Top of Given entries

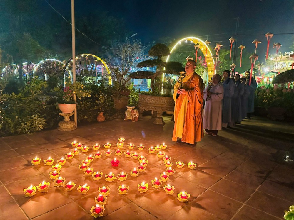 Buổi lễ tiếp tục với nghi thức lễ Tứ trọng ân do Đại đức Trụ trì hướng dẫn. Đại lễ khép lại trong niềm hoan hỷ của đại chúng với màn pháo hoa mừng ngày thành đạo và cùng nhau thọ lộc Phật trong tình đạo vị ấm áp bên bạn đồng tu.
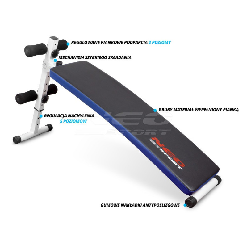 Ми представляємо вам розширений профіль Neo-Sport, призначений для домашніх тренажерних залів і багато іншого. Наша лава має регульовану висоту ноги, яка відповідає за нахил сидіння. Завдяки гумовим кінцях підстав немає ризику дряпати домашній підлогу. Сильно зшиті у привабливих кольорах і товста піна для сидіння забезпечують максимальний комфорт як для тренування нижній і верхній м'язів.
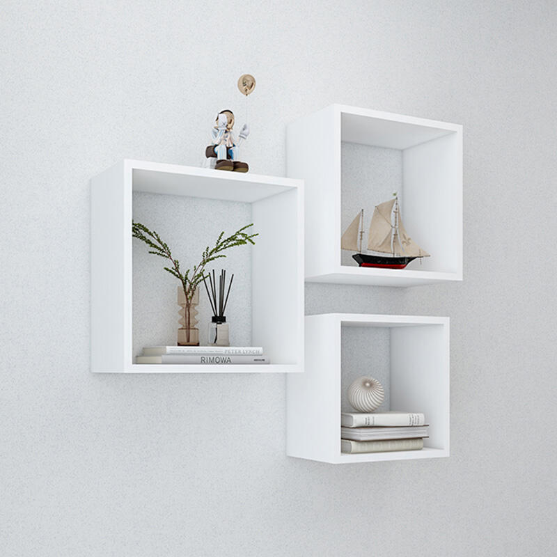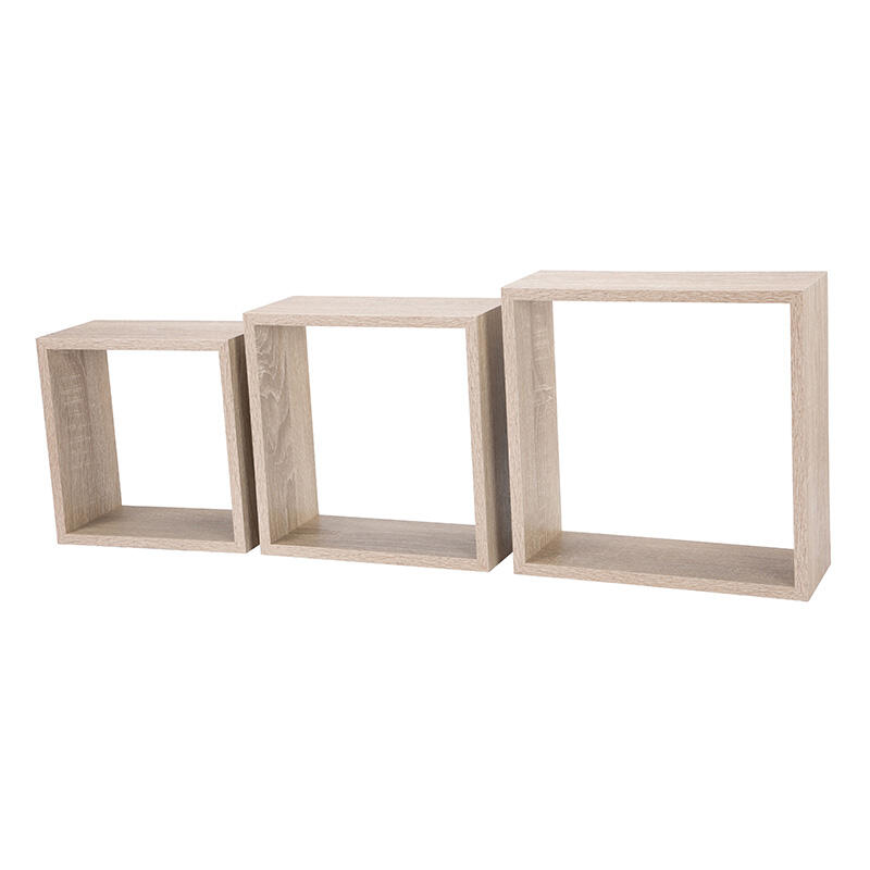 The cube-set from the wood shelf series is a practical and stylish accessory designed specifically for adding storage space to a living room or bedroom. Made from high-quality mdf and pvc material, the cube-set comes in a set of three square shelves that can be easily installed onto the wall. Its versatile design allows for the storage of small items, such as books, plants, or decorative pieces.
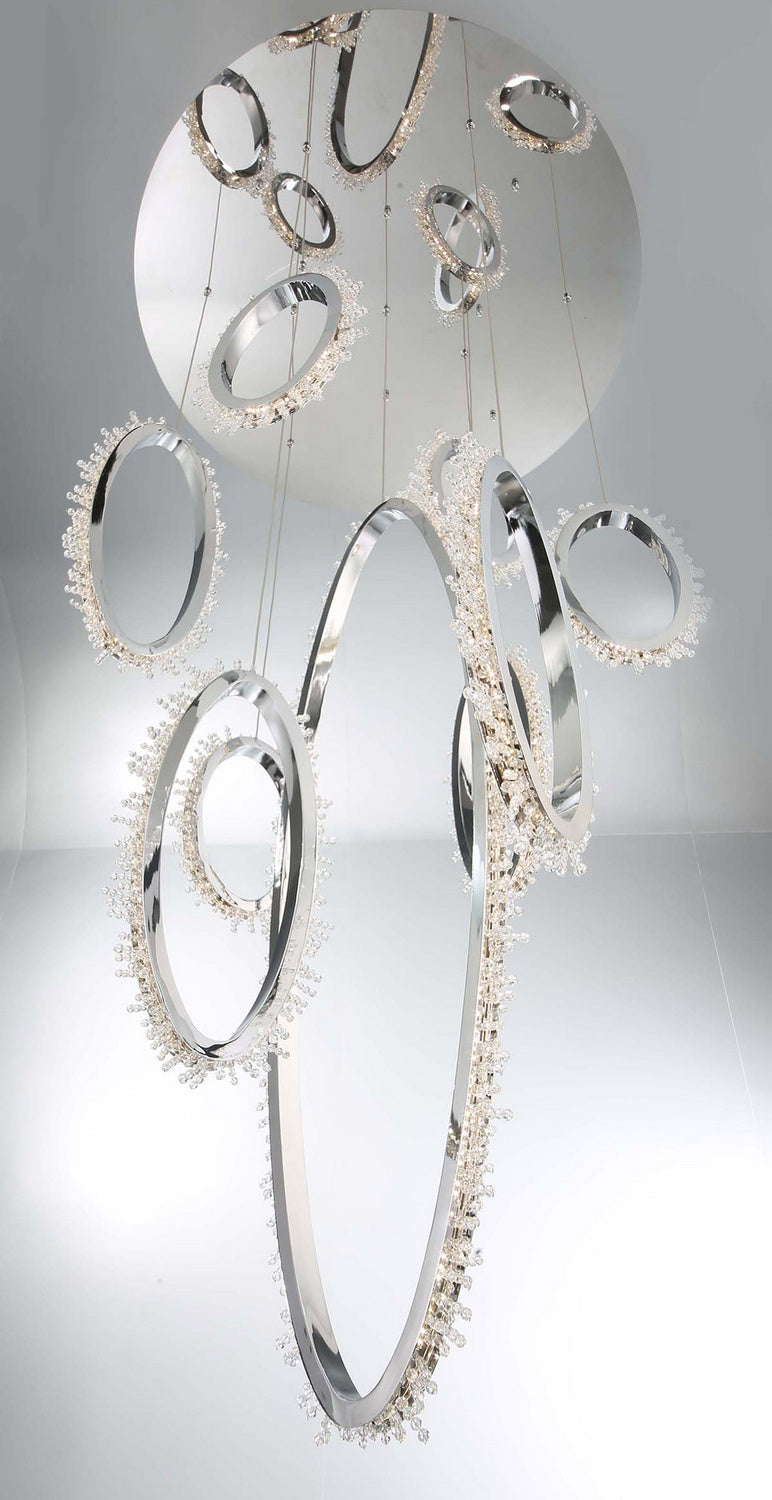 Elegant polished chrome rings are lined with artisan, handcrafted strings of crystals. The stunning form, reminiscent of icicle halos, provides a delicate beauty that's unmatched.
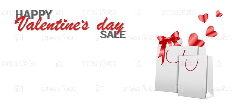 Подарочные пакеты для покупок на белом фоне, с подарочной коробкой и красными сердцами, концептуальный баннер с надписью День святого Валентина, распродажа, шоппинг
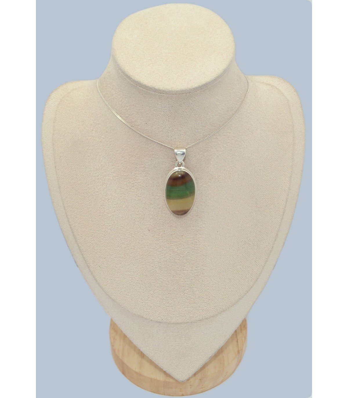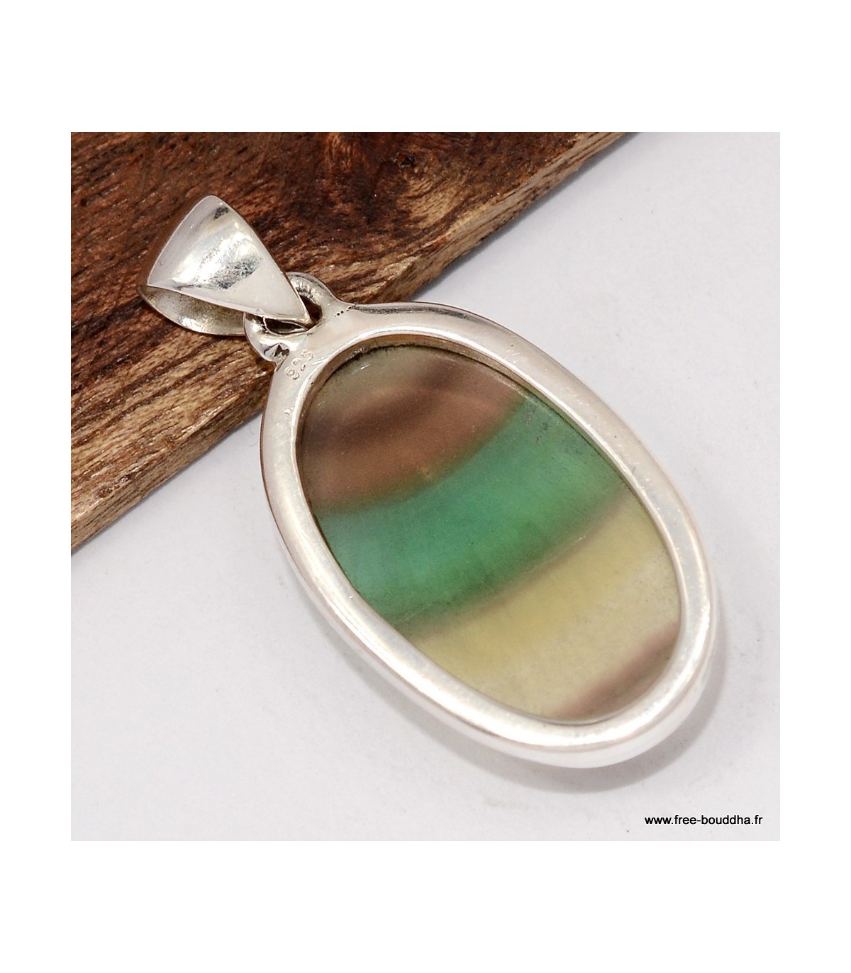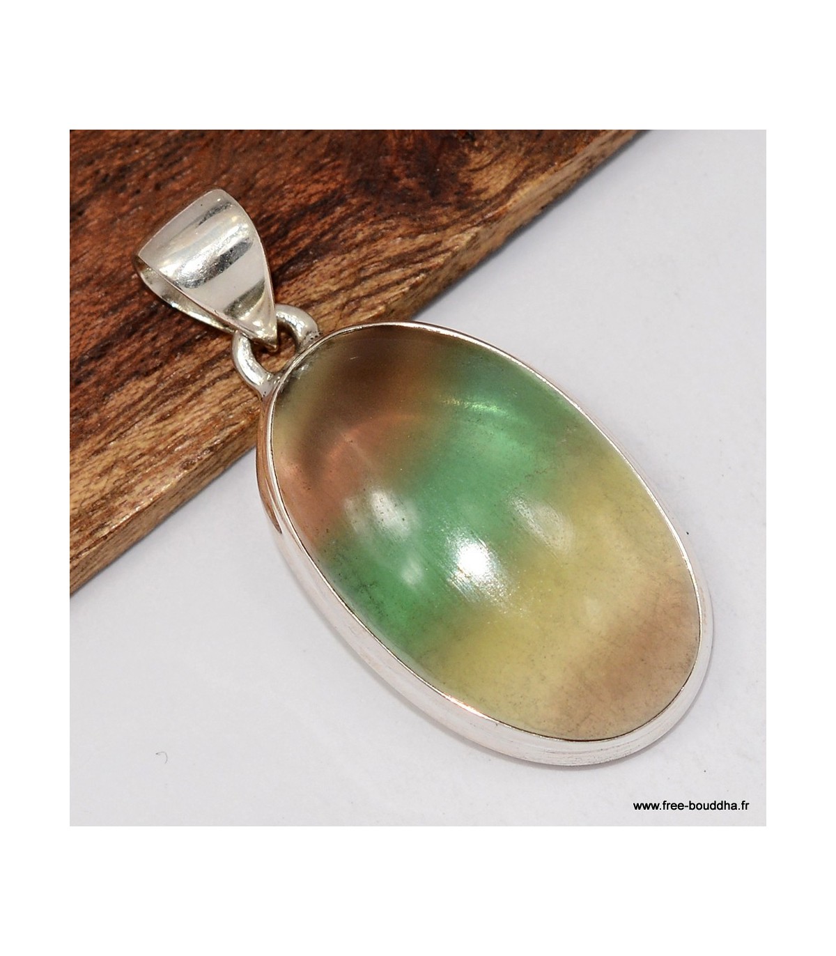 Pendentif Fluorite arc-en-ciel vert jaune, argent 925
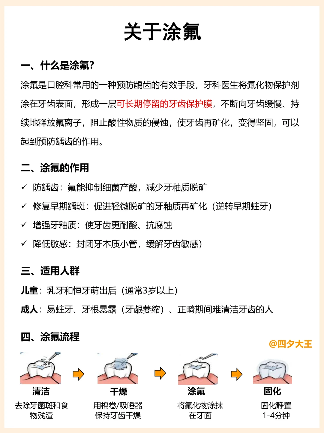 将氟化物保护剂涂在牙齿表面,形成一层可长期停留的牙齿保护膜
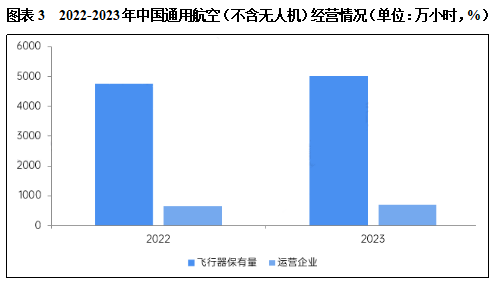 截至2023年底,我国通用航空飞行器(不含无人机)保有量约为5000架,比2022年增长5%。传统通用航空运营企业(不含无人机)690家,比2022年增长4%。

Bottom of Given entries

_Your assignment_
Word for word, repeat only the lines from the line containing "Подарочные пакеты для" through the end of the data, without any pictures.

_Result of the task_
 Подарочные пакеты для покупок на белом фоне, с подарочной коробкой и красными сердцами, концептуальный баннер с надписью День святого Валентина, распродажа, шоппинг
 Pendentif Fluorite arc-en-ciel vert jaune, argent 925
 将氟化物保护剂涂在牙齿表面,形成一层可长期停留的牙齿保护膜
 截至2023年底,我国通用航空飞行器(不含无人机)保有量约为5000架,比2022年增长5%。传统通用航空运营企业(不含无人机)690家,比2022年增长4%。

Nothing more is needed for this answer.